Spiele ich Töne in höheren Lagen (über dem 10. Bund) im verzerrten Zustand klingen diese extrem schief. Als würden diese durch ein Vibrato-Pedal gespielt werden.
Im cleanen Kanal ist dies nicht zu hören. Dort klingen die Töne gerade. Das Phänomen tritt unterschiedlich stark bei unterschiedlichen Gitarren auf, ist aber bei allen leicht da.
Meine Hauptgitarre eine Fender Player Stratocaster. Diese war vor ca. einer Wochen beim Gitarrenbauer. Oktavenreinheit ist also gegeben. Hier ist das Problem am deutlichsten zu hören.
Bei meiner ESP LTD EC10 trifft das Problem auch auf, allerdings nur sehr leicht.
Der Amp ist ein Marshall JCM2000 - DSL 401.

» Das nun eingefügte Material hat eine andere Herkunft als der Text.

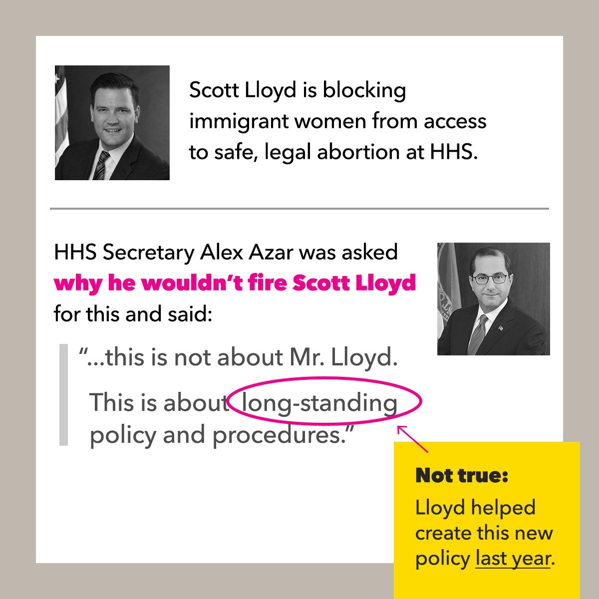 @SecAzar Stop with the lies. (Can anyone associated w/ this Admin. ever tell the truth?) Scott Lloyd created this policy which is denying women access to safe, constitutional, health care. This needs to stop & It is time to#FireScottLloyd & perhaps#FireSecAzar as well.https://twitter.com/PPact/status/985555967348756480 …

Hier finden sich Soundbeispiele: Soundbeispiele
Alle Regler des Versträkers stehen auf 12 Uhr. Master-Volume auf ca. 10 Uhr. Regler an den Gitarren sind alle voll aufgedreht.
Den Tone-Regler an der Gitarre herunterzudrehen hilft ein bisschen. Wirklich gut klingt es aber dadurch auch nicht. Die Pickups herunterzuschrauben habe ich auch schon probiert. Hilft leider auch nicht.
Viel Platz nach unten ist da auch nicht gewesen. Bei einer weitern Squire Stratocaster ist das Problem auch da. Bei dieser ist reichlich Platz zwischen den Saiten und den Tonabnehmern.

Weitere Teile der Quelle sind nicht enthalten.